IF 5.8 3区 生物学 Q1 Mathematics Pub Date : 2023-09-02 DOI: 10.1093/bioinformatics/btad560
Yan Zhu, Lingling Zhao, Naifeng Wen, Junjie Wang, Chunyu Wang

Motivation: Accurate prediction of drug-target binding affinity (DTA) is crucial for drug discovery. The increase in the publication of large-scale DTA datasets enables the development of various computational methods for DTA prediction. Numerous deep learning-based methods have been proposed to predict affinities, some of which only utilize original sequence information or complex structures, but the effective combination of various information and protein-binding pockets have not been fully mined. Therefore, a new method that integrates available key information is urgently needed to predict DTA and accelerate the drug discovery process.

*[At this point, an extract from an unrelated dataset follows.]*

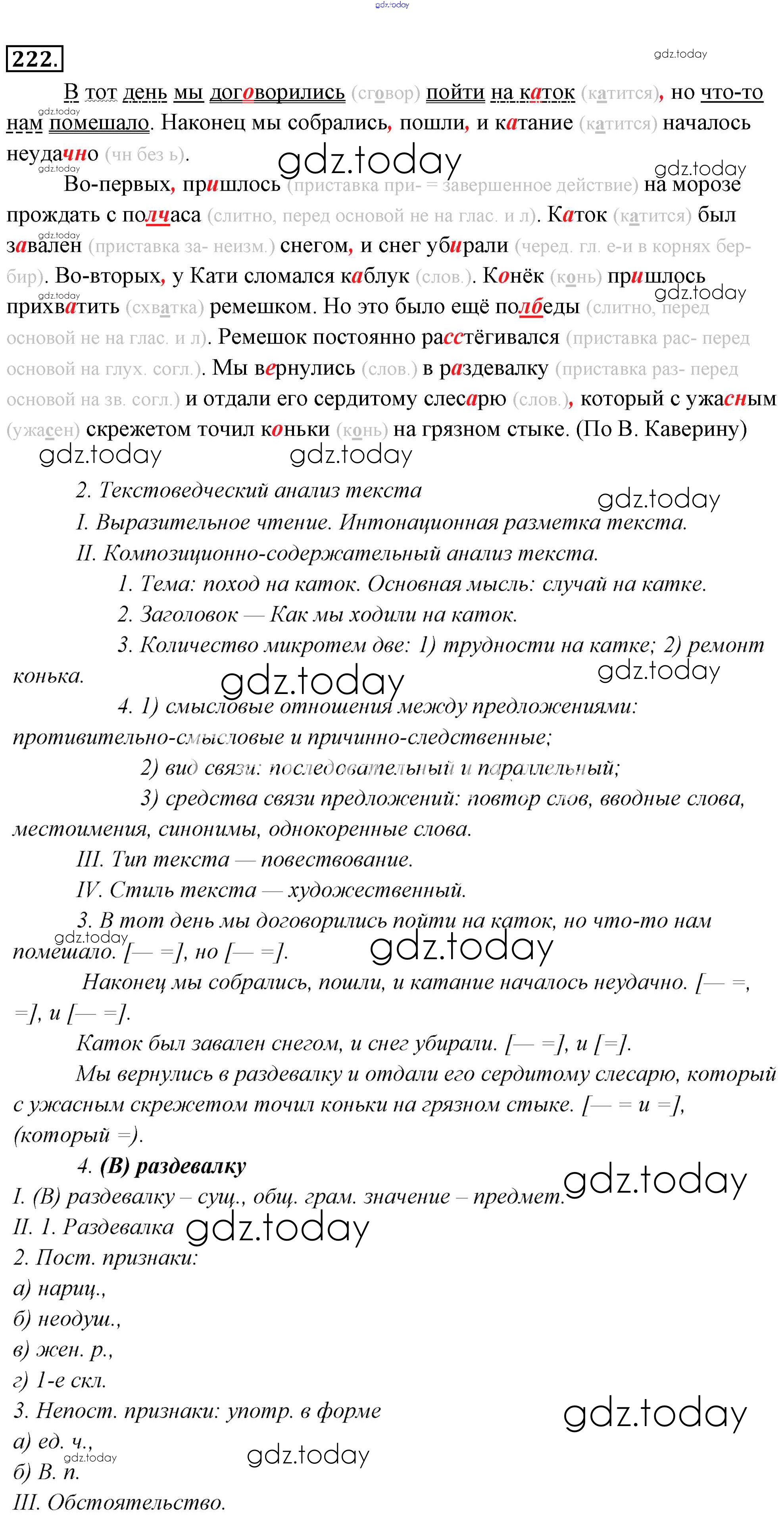 На страницах сайта gdz.today вы найдете учебный и вспомогательный материал, направленный на улучшения знаний школьной программы. ГДЗ - онлайн мир знаний Решение к упражнениям 222 Учебнику по Русскому языку для 6 класса Львова, Львов Мнемозина 2013

Results: In this study, we propose a novel deep learning-based predictor termed DataDTA to estimate the affinities of drug-target pairs. DataDTA utilizes descriptors of predicted pockets and sequences of proteins, as well as low-dimensional molecular features and SMILES strings of compounds as inputs. Specifically, the pockets were predicted from the three-dimensional structure of proteins and their descriptors were extracted as the partial input features for DTA prediction. The molecular representation of compounds based on algebraic graph features was collected to supplement the input information of targets. Furthermore, to ensure effective learning of multiscale interaction features, a dual-interaction aggregation neural network strategy was developed. DataDTA was compared with state-of-the-art methods on different datasets, and the results showed that DataDTA is a reliable prediction tool for affinities estimation. Specifically, the concordance index (CI) of DataDTA is 0.806 and the Pearson correlation coefficient (R) value is 0.814 on the test dataset, which is higher than other methods.

Availability and implementation: The codes and datasets of DataDTA are available at https://github.com/YanZhu06/DataDTA.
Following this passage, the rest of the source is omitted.